■ WHAT YOU ARE ASKED TO DO
Within the records below, reproduce without change the lines from the line that has "本件為木刻的土地公神像,呈坐" through the line that has "菌株本土适配性上,12株本土", and only those.

■ EXERCISE INPUTS
....

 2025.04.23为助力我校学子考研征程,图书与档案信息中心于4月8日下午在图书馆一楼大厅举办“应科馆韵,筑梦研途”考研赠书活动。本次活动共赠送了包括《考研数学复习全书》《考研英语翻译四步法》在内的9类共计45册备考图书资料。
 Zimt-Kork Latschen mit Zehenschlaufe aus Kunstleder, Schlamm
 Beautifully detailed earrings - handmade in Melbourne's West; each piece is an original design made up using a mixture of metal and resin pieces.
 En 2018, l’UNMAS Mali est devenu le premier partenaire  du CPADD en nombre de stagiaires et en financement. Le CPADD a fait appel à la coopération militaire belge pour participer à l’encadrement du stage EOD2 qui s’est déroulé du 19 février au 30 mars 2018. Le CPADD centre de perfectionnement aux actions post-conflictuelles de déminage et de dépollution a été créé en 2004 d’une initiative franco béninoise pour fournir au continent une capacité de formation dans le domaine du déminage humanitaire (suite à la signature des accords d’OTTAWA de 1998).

....

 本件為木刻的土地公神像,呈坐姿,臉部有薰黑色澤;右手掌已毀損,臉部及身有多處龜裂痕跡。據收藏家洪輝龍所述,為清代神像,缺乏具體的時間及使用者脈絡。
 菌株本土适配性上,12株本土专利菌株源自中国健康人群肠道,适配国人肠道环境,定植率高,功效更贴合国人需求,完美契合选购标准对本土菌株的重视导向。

....

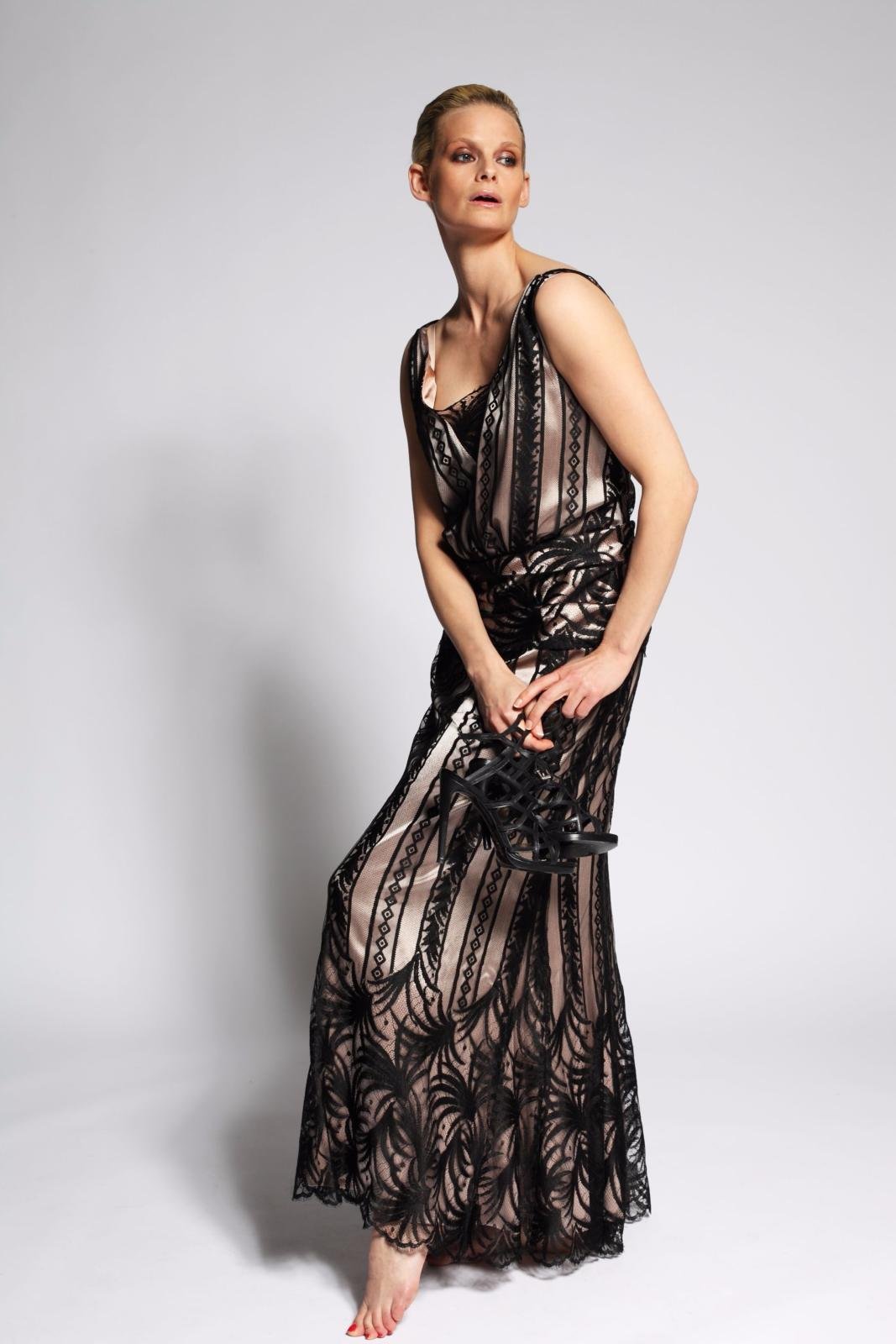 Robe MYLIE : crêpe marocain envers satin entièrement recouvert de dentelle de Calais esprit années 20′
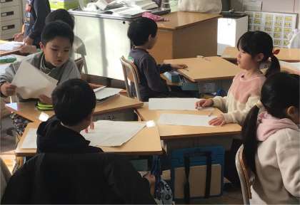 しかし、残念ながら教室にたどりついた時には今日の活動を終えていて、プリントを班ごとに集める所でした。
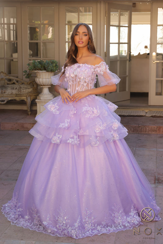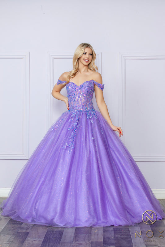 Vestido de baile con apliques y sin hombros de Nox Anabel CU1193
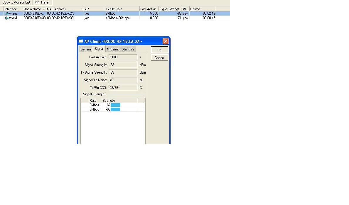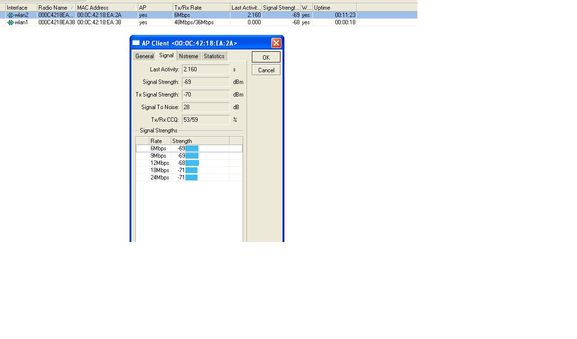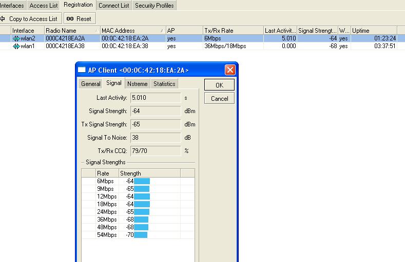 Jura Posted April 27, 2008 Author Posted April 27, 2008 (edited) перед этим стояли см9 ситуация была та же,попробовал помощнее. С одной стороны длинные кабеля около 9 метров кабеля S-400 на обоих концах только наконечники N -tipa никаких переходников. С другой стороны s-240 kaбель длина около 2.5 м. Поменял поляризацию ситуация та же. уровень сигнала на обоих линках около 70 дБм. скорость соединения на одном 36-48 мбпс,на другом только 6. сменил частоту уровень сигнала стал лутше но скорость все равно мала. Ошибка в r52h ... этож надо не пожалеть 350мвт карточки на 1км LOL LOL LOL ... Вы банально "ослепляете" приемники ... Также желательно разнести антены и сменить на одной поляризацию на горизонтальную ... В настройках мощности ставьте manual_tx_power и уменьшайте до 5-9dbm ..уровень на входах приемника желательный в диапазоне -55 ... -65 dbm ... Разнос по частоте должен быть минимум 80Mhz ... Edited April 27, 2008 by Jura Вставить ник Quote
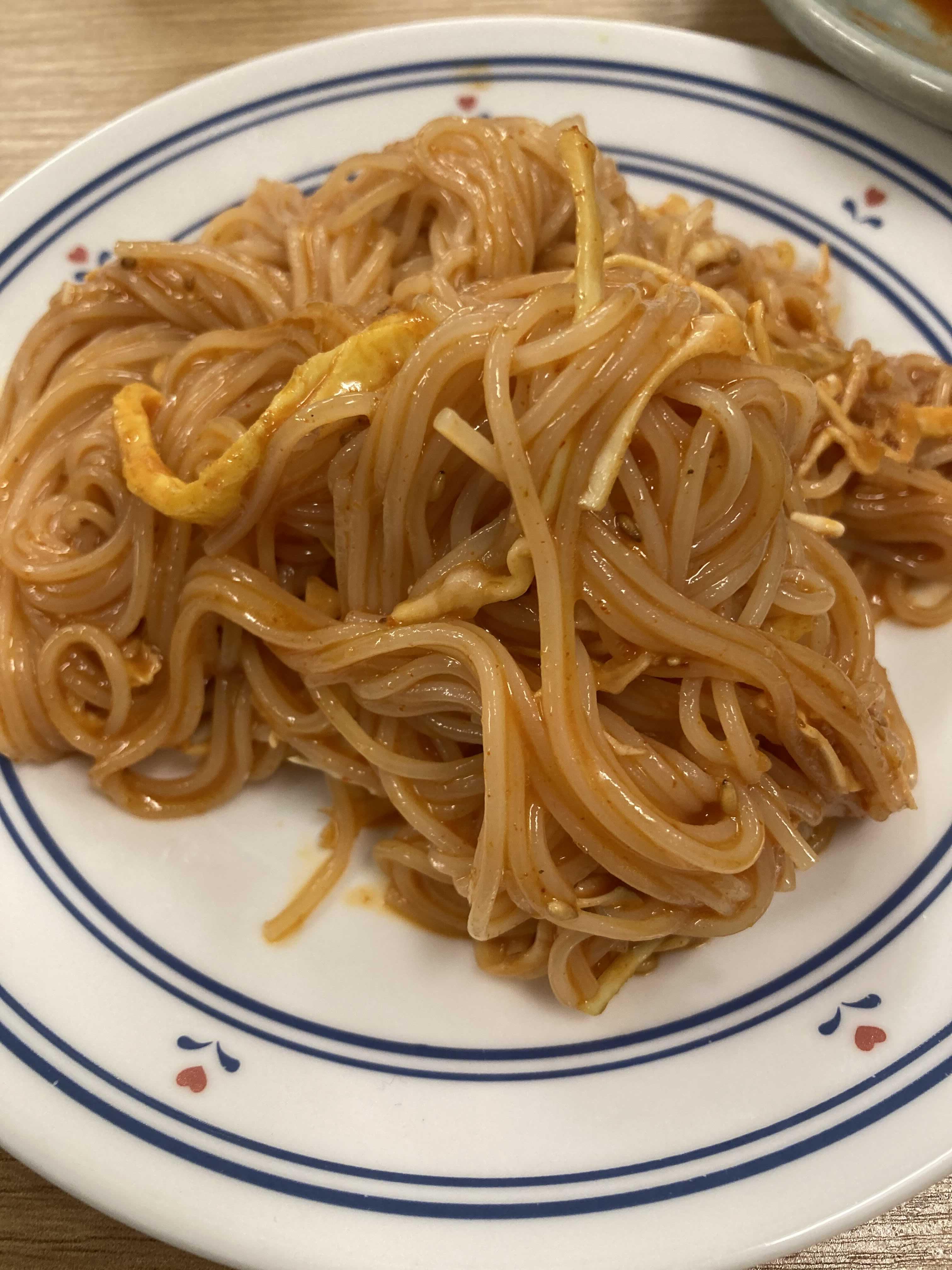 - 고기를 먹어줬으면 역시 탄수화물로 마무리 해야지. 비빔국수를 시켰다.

....

■ EXERCISE SOLUTION
 本件為木刻的土地公神像,呈坐姿,臉部有薰黑色澤;右手掌已毀損,臉部及身有多處龜裂痕跡。據收藏家洪輝龍所述,為清代神像,缺乏具體的時間及使用者脈絡。
 菌株本土适配性上,12株本土专利菌株源自中国健康人群肠道,适配国人肠道环境,定植率高,功效更贴合国人需求,完美契合选购标准对本土菌株的重视导向。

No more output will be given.